• [WORK TASK]:
Print exactly and only the lines that run from the one containing "映像資料「北方領土」パッケージ" through the end of the material, please, omitting pictures.

• [EXERCISE INPUTS]:
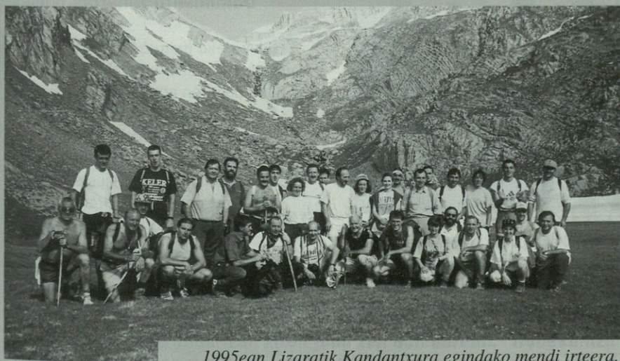
1995ean Lizaratik Kandantxura egindako mendi irteera.

tzea. "Talde gehixenetan federatuta ez-pazare ezin zara juan, ez Pirinioetako eta ezta beste batzutara be; zeozer pasau ezkeror orduan etortzen dira kontuak Ondo begiratuta, federatzia ezta hain garestixa. Batetik segurua daukuzu, baiña baita errefujixotarako erreserbia eta deskontua be, Pyrenaika etxian... Eta dana hillian milla pezeta baiño gutxiagoan". Diotenez, "aberi-xak eztira bakarrik edurretan edo eskalatzen egitten, gehixenak -estatistiken arabera- hemen zihar, bueltako mendixetan gertatzen dira; eta danok dakigu zelako kokotekuak emoten doskuen, bai medikuak eta baita errehabilitaziñuetan be norbere kontura egin ezkeror". Hori guztia kontuan hartuta, ezinbestekotzat jotzen dute federatzea. "Aurten nobedade mordo bat daren; Europarako segurua, esate baterako, desagertu egingo da, eta aukera berrixak agertu dira oso prezio onian". Badakizue, mendian seguru ibili nahi izanez gero, kasu egin!
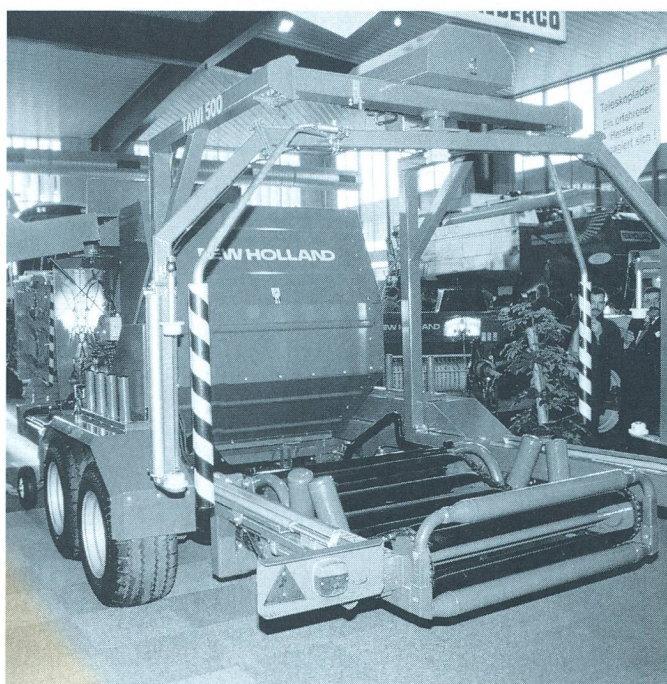
L'AGRAMA 2001 du 25 au 29 janvier est ouverte de 9 h à 17 h.

Cette année, le stand de l'Association suisse pour l'équipement technique de l'agriculture mettra l'accent sur la circulation des véhicules agricoles: dans les questions touchant de près les véhicules agricoles comme les limites de poids, les largeurs et les transports, l'ASETA a obtenu des améliorations considérables, grâce à son engagement. L'exemption de la RPLP pour les véhicules à plaques vertes et le remboursement de cette même redevance pour le bois transporté de la forêt aux scieries en sont deux exemples convaincants. En plus, le stand ASETA propose des informations à tous ceux qui recherchent des solutions optimales concernant l'immatriculation de leur parc de machines. Cela touche aussi la largeur des véhicules ou l'angle de visibilité qui doit rester libre malgré les roues larges ou jumelées; là aussi, une amélioration des prescriptions facilite l'emploi de ces véhicules. Un des allègements certains en matière de TVA est en vue dans les prestations des entrepreneurs agricoles puisque l'an prochain verra enfin la facturation de semences et d'engrais à un taux de TVA réduit.
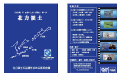
映像資料「北方領土」パッケージ

内 容 北方領土の自然・歴史・返還運動など 部 数 450部(区市町村・教委等へ配布)
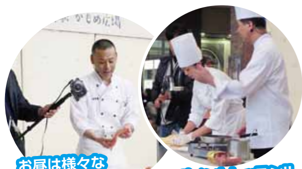
お昼は様々なプロの料理人によるワンポイントレッスン!!
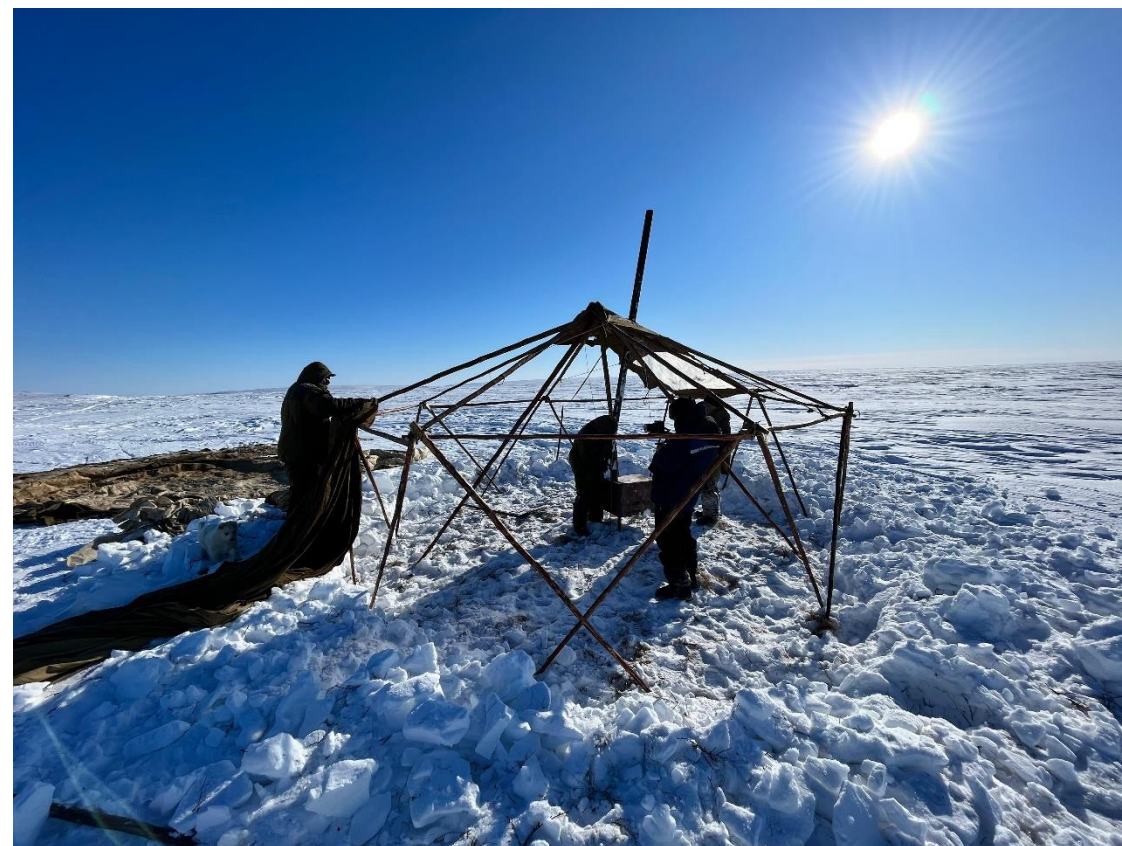
Каркас будущей яранги в Олеринской тундре
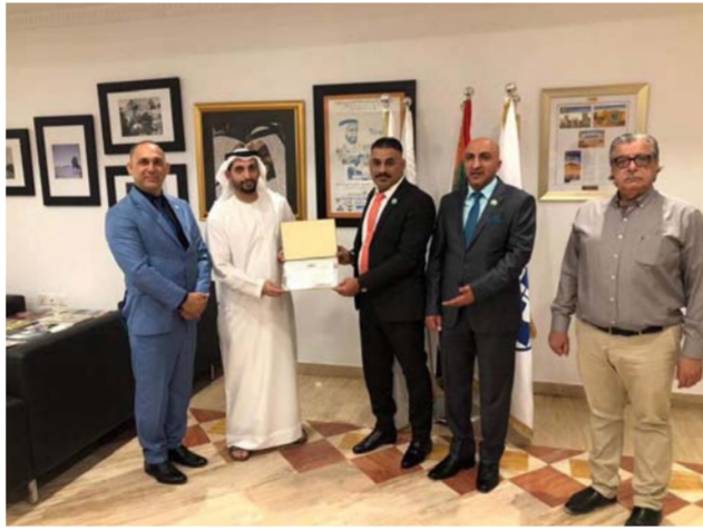
اتحاد الدراجات يلتقي الاصدقاء في الإمارات

للعبة ٢٠٢٠ في العاصمة بغداد. وعدتها خطوة بالأخاه الصحيح. مؤكدا مشاركة الدراجيين الإماراتيين فيها بأكثر عدد ممكن بالمساهمة بشكل فاعل بعودة البطولات الى بلاد ما بين النهرين من جديد لآسيما من بوابة رياضة الحركات.

• [YOUR SOLUTION]:
映像資料「北方領土」パッケージ

内 容 北方領土の自然・歴史・返還運動など 部 数 450部(区市町村・教委等へ配布)
お昼は様々なプロの料理人によるワンポイントレッスン!!
Каркас будущей яранги в Олеринской тундре
اتحاد الدراجات يلتقي الاصدقاء في الإمارات

للعبة ٢٠٢٠ في العاصمة بغداد. وعدتها خطوة بالأخاه الصحيح. مؤكدا مشاركة الدراجيين الإماراتيين فيها بأكثر عدد ممكن بالمساهمة بشكل فاعل بعودة البطولات الى بلاد ما بين النهرين من جديد لآسيما من بوابة رياضة الحركات.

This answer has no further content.